Bill Walker was rankled by Anne Laidlaw's suggestion that anything had ever been amiss in his agency's choice of buildings. He insists he didn't know about Mays' involvement as a potential landlord until after a state lease was negotiated in November 2009 and said he saw nothing extraordinary in the fact that his agency had negotiated a lease with someone who would later buy a building with the state as a guaranteed tenant or that the parties were political friends.

"There are a lot of situations like that out there," Walker said. He said that, having been in 20 years in politics, it would be hard for his agency to lease space from someone he didn't know. "It doesn't mean I rented because they knew me or I knew them."

He defended the consolidation move as necessary from 1) a warehouse space in Riverdale that had long been unsuitable with a landlord unwilling to make improvements and 2) from a building in Corporate Hill in Western Little Rock that had poor access for disabled people. He also said he thought it right for his department to have a building of its own, rather than being several floors in a bank building, as other alternatives contemplated. "I didn't want to be in a commercial building with bankers and mortgage companies with no real identity," he said.

When completed, he said a centrally located office, at a bus stop, with easy ground-floor access, will serve his agency's clients better. He said he hopes to further consolidate offices there.

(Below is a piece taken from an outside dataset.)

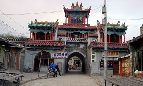 高家堡古城:唐屬豐州地,舊稱飛鴉川、彌川。城池始建于明正統(tǒng)四年(1439),原隸屬佳州,清末劃歸神木。該城位于神木縣城西南海50公里的禿尾河?xùn)|岸,西北距明長城約5公里,原為夯筑土城,萬歷三十六年(1608)用磚包砌,清乾隆十五年(1750)、三十三年(1768)兩度重修,后多次修葺。該城平面呈長方形、東南墻均長311米,南北墻均431米,殘高6.5—9.1米,基寬7.52米。城墻上部建有1米高的女墻,間有垛口、嘹望洞。北城頭修有三官樓,東南角建有魁星樓,F(xiàn)除魁性樓、女墻、垛口、嘹望洞被壞外,其余的均保存完好。另東、南、西墻各辟一卷門,并筑有甕城,現(xiàn)城門的敵樓、嘹望臺(tái)和南門已破壞。城內(nèi)原有的中興樓(1988年被縣人民政府公布為重點(diǎn)文物保護(hù)單位)、城隍廟、財(cái)神廟、五道廟、祖師廟、西門寺、貞節(jié)牌坊等古建筑,現(xiàn)僅存中興樓和財(cái)神廟,城內(nèi)街道以中興樓為軸心,向東西輻射為東西街,向陽北南北輻射為南街和北巷。明、清到民國初,南街最為繁華,至今大部分鋪面保存完好,東、西、南街各通有巷道。居民建筑群為典型的北方構(gòu)筑風(fēng)格。既有四合院,如北巷的李家大院;又有前庭大院,如東街的盧家大院、西街的韓家大院;還有樓院,如十字巷的李家樓院,同心巷的劉家樓院等。高家堡古城是神木縣乃至整個(gè)陜北較為完整的一座城堡,且有獨(dú)具特色的保護(hù)價(jià)值,神木縣人民政府已擬定將該城列為重點(diǎn)文物保護(hù)單位。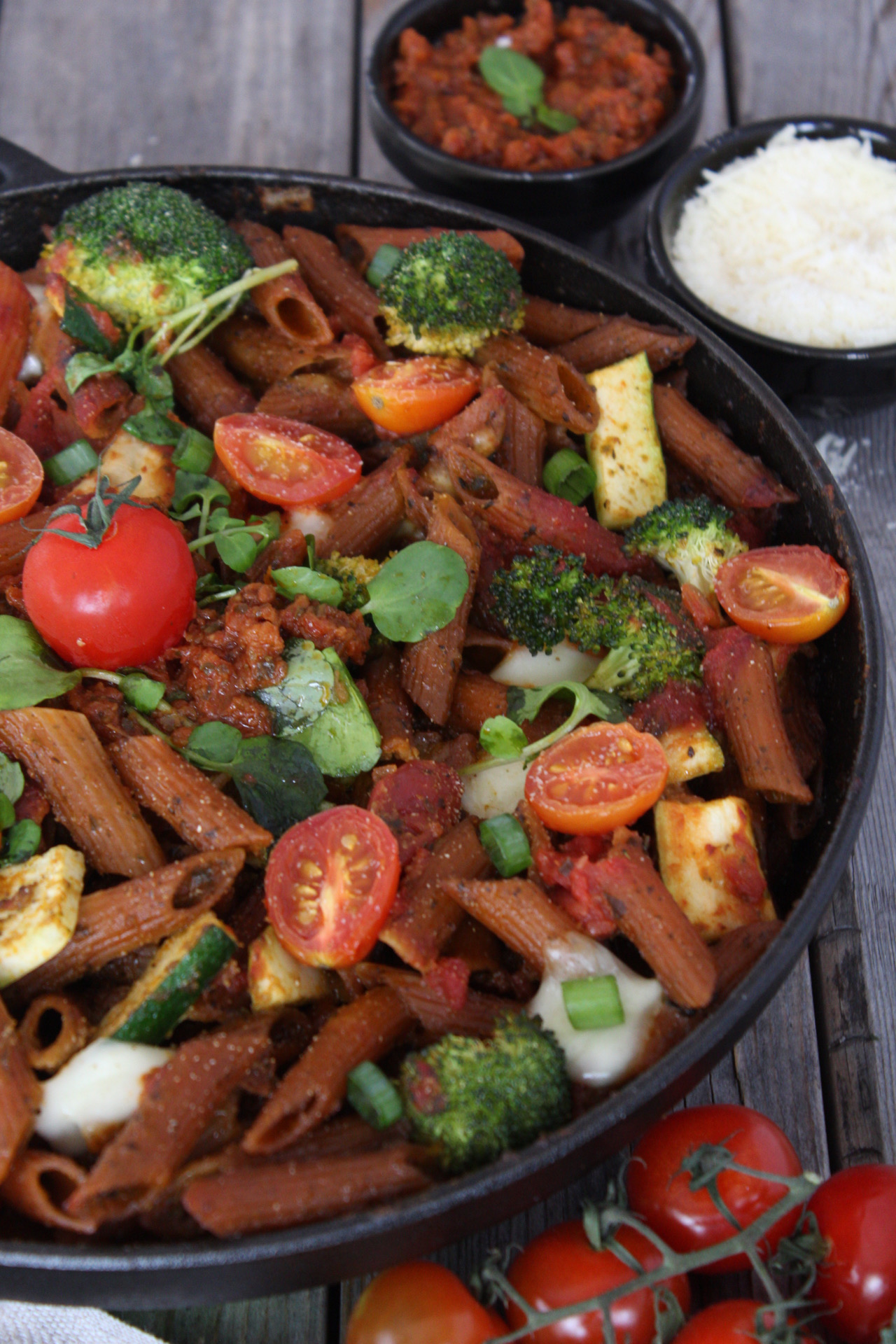 Delicious Red Lentil Pasta, tossed with rich sun-dried tomato pesto and veggies, and topped with vegan mozzarella — it makes a nutritious, comforting and healthy dinner.

He said he was "offended" by how Laidlaw had characterized the transaction. She had told our Arkansas Blog that Walker hadn't been happy with some of her hard negotiating on terms, including resisting a 10-year, rather than six-year term for the newly expanded lease. He said he believed all rules were followed. He speculated she was unhappy because her husband's company didn't have the janitorial contract for the building. That's an issue that has arisen periodically for Laidlaw. She's always said his business is kept apart from her agency work. In this case, she said, Colliers International, the leasing agent, invited Laidlaw Inc. to submit a bid on the building and he declined.